Capítulo 7 - Mirian

379 64 30
                                    

  A enfermeira retorna ao quarto  e ao notar a ausência de Danton, aproxima-se do ANL estragado.

— O que está acontecendo? - Pergunto, ao vê-la abrir e fechar a boca diversas vezes. Ela se assusta e solta o ANL rapidamente.

— Ah, Jamie, eu pensei que estava dormindo.. - diz, estralando os dedos das mãos em sinal de nervosismo.

— Sue, vá direto ao ponto. - Peço. Ela solta o ar dos pulmões e me encara, com pesar.

— Eu sei que você esteve com os KJ. - ela dispara, deixando-me totalmente sem palavras. Passa longos minutos com ambas em silêncio, minha mente não consegue processar nada, parece estar eternamente em estática.

— Jamie... - Ela quebra o ensurdecedor silêncio.

— Eu não sei do que você está falando.. - tento disfarçar ao encontrar minha voz que estava perdida dentro da bagunça na minha cabeça. Ela entrelaça as mãos e desvia os olhos para o colo.

— Os resultados apontaram o vírus que você carrega no sangue, Jamie. E eu sei disso, porque conheci uma pessoa que passou por uma situação parecida. - Ela diz, soltando o ar de uma vez. — Ela se chamava Mirian e era minha colega de profissão.

— O que houve com ela? - indago, cedendo a curiosidade. Ajeito-me na cama e ela se ajeita na cadeira. Ambas procuramos uma posição confortável, pois sabíamos que a história seria longa.
**
Ano: 1964

  As pessoas na terra estavam enlouquecendo.

O governo totalmente indiferente ao sofrimento da sociedade, não dava a minima para as condições de vida das minorias. O lema era: "Trabalhe e sobreviva. Não trabalhe e morra de fome" No entanto, o desemprego era algo comum, portanto muitas pessoas acabavam morrendo.

Todavia, ninguém se atrevia a questionar o governo. Aceitavam o destino que lhe eram imposto e seguiam suas vidas miseráveis, esperando ansiosamente pela morte. Só assim para poderem descansar daquela vida sofrida.

Naquela tarde de trabalho cansativo, Mirian contava as horas para poder voltar pra casa. Ela estava com fome, sono e dor. O sol castigava os trabalhadores, deixando-os com a pele queimada e uma extrema dor de cabeça. Muitos morriam por causa da exposição constante aos raios ultravioletas, pois uma consulta custava mais do que ganhavam nas colheitas. A maioria não tinha dinheiro para ter um plano de saúde decente.

Quando a primeira corneta tocou, todos soltaram as pás, machados e arados. Suor escorrendo por seus semblantes exaustos, coluna curvada e passos lentos voltando a entrada do campo, onde esperariam o ônibus que os levariam de volta a Comunidade ATP.

Mirian limpou o suor com o antebraço e, com um suspiro pesaroso, se pôs a caminhar na mesma direção que os outros trabalhadores. Porém, lembrou-se de sua bolsa, que ficara num dos armários perto do lugar onde faziam um pequeno intervalo. Xingou-se mentalmente por tê-la esquecido e voltou a passos apressados, temendo perder o transporte.

Entrou na pequena área e abriu o armário, recolheu a bolsa e o fechou novamente. Prestes a sair da área, ouviu duas vozes vindo dos fundos, atrás de um portão de metal. Apurou os ouvidos a fim de ouvir melhor.

— Eu ouvi, Renderick! Eles irão explodir a bomba em breve, temos que agir! - Uma voz feminina clamava, tensa.

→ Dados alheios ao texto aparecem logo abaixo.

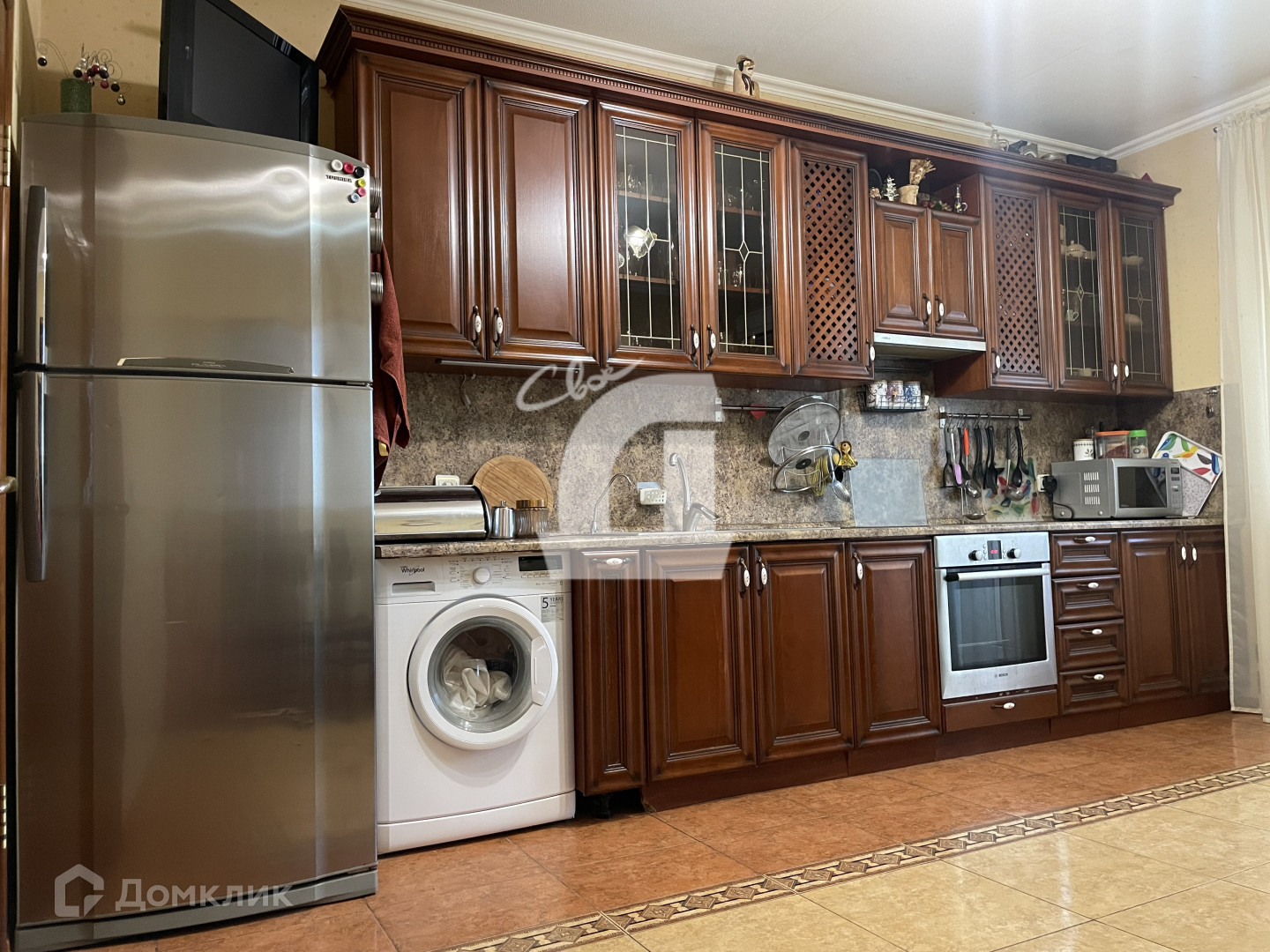 Евроремонт. В квартире два санузла. Два балкона, кладовка, в коридоре гардеробная. Остается вся мебель и бытовая техника.

— Eu sei! Maldito governo! - A voz, que pertencia a Renderick, exclamou irritado. — Nós iremos a Base esta noite. Recrute o máximo de pessoas dispostas a lutar. Nós resistiremos até o último minuto, Ellien.

Mirian assustou-se ao ouvir o motor alto do ônibus estacionando. Ela olhou para trás, na direção do automóvel velho e viu que faltava apenas duas pessoas para entrar e, se ela demorasse mais um pouco, ficaria para trás.
Encheu o pulmão de ar e começou a correr, chegando a um segundo dele partir.